I have a function that needs a block size. The block size can depend on a depth, but I want the application to be able to implement its own simple logic to map a depth to a block size, though the block size must never change for a specific depth.
In the simplest form, the depth-to-blocksize can just return a size. The most common block size logic we currently use is "64K if depth is 0, 4K otherwise", but more complicated variants are possible.
I take in a fn(u16) -> u32 function pointer (rather than an Fn) to discourage developers from making the block size depend on external variables captured in a closure.
In the end, this constraint will come down to a documentation issue, where if the developer decides to randomize the size for each call it'll trigger amazingly undefined behaviors, and all bets are off. With that said: What Rust tools are available to make it more difficult for developers to break this invariant?
I'm wondering if one can accomplish something in the spirit of:
(Asking specifically about using callback functions (or equivalent). I could easily have the application pass a precomputed data structure for doing the mapping, but I'm wondering specifically about what tools there are to constrain functions from introducing side effects).

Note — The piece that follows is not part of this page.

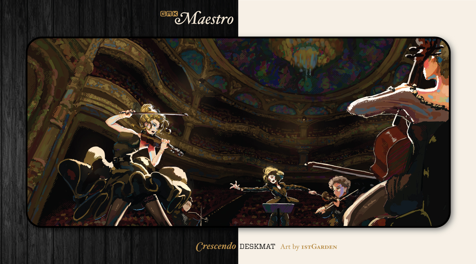 Deskmat Design #3: Crescendo - Art by 1stGardenRAMABrass with Gold polished PVD finish
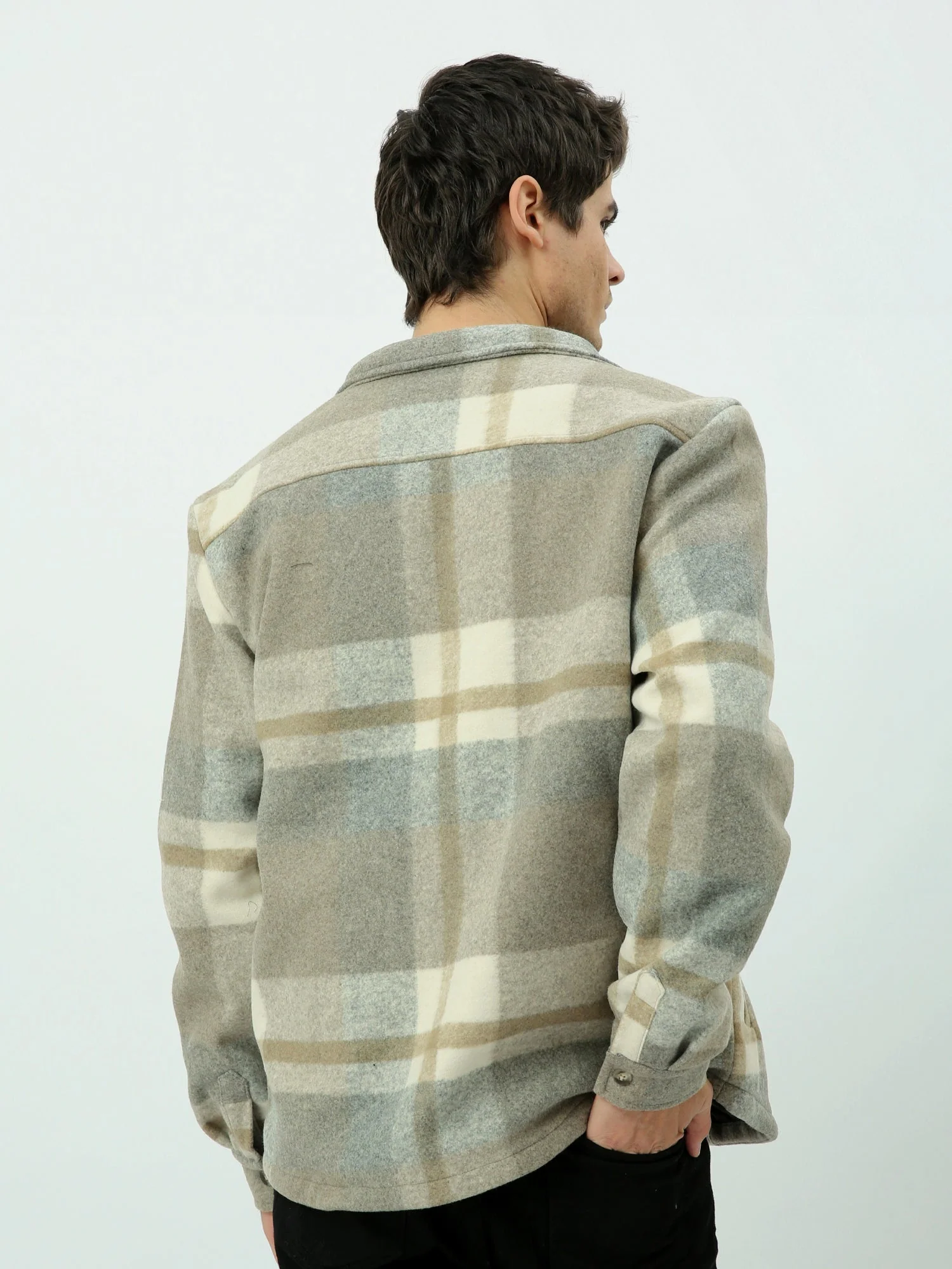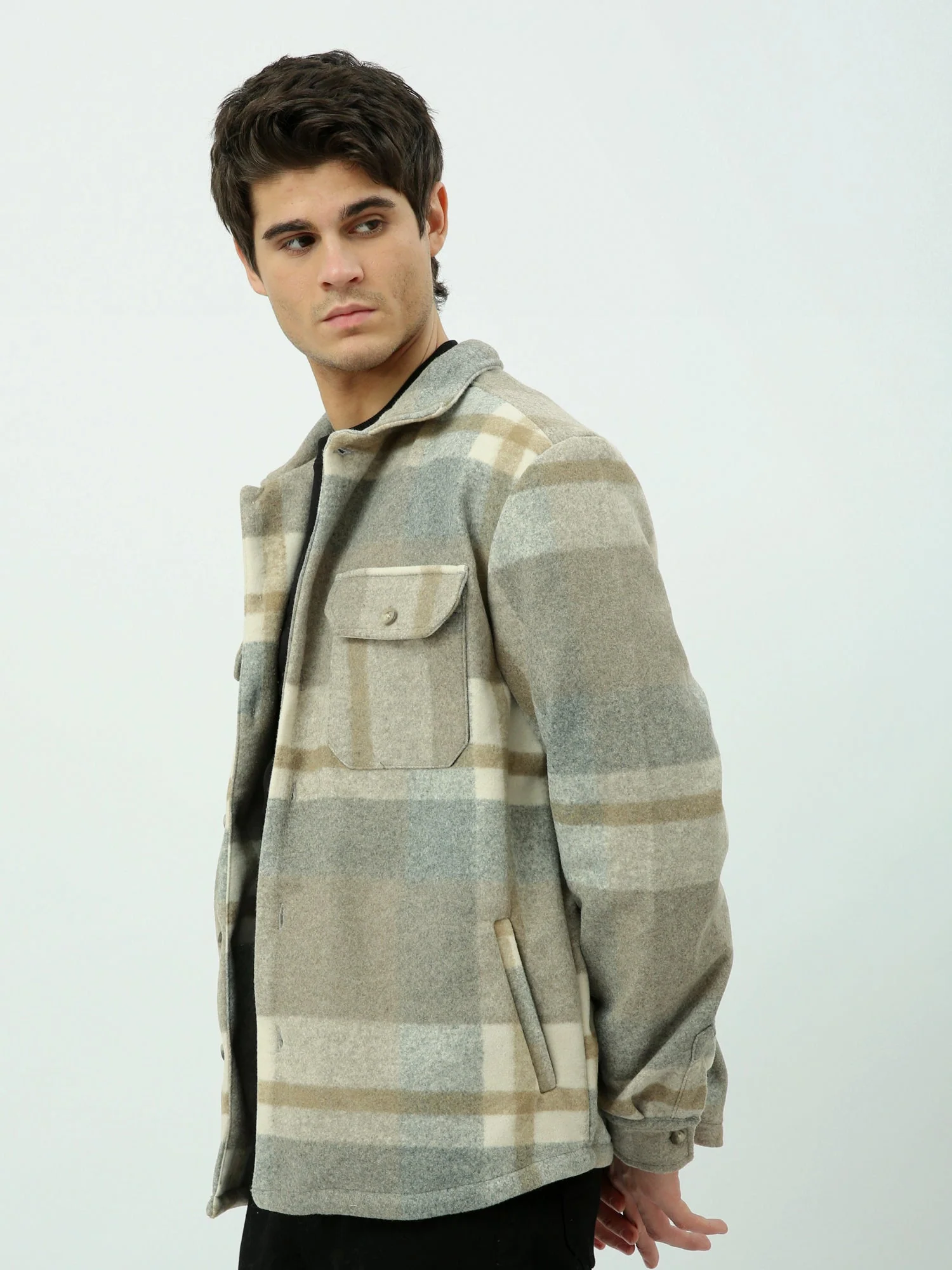 Veste homme d’hiver au design raffiné alliant chaleur et style moderne. Elle se distingue par un motif à carreaux classique dans des tons beige et gris, idéal pour les tenues quotidiennes comme pour les looks semi-formels.

What you are referring to is often called a "pure" function. The idea being that a function's outputs can be derived entirely from its inputs, independent of any external state.
The problem you are going to run into is that programs have access to a lot of external state. For example, I could store an AtomicU32 in a static variable and every time the function gets called, I'll increment that counter and use it to determine the block size.
All code has access to stdin, stdout, and the filesystem, so there are three easy ways for side-effects to creep in. Same with anything linking to an extern "C" function (this is what stdin/stdout/fs use under the hood to trigger side-effects).
If you want true determinism, compile your code to WebAssembly and make sure the WebAssembly module is instantiated from scratch every time (so static variables can't be persisted between calls) and make sure you don't give it access to non-deterministic functions (time, rng, fs, etc.).
Otherwise, if a dodgy callback can trigger UB in the rest of the program by crafting special outputs, you should mark your encode() function as unsafe to call and move on.
One approach not yet mentioned is to not prohibit side effects but to make them irrelevant: memoize the function. That is, call it at most once for any given input, and store that value, within whatever scope/context/structure cares about the consistency.
Of course, that means having storage for the memoization, and consulting it. (If the scope must be global, then a static[AtomicU32; 65536], perhaps?)
Wouldn't const check most of the requirements?
Another option could be to move this to compile time logic. There are a bunch of ways to do this, in the simplest form you could have a trait with associated constants and encode this information in there.
Instead of a function passed as an argument you would take some type T that implements the trait and just access the associated constants.
If this is a solution for you would depend on how "dynamic" the function must be.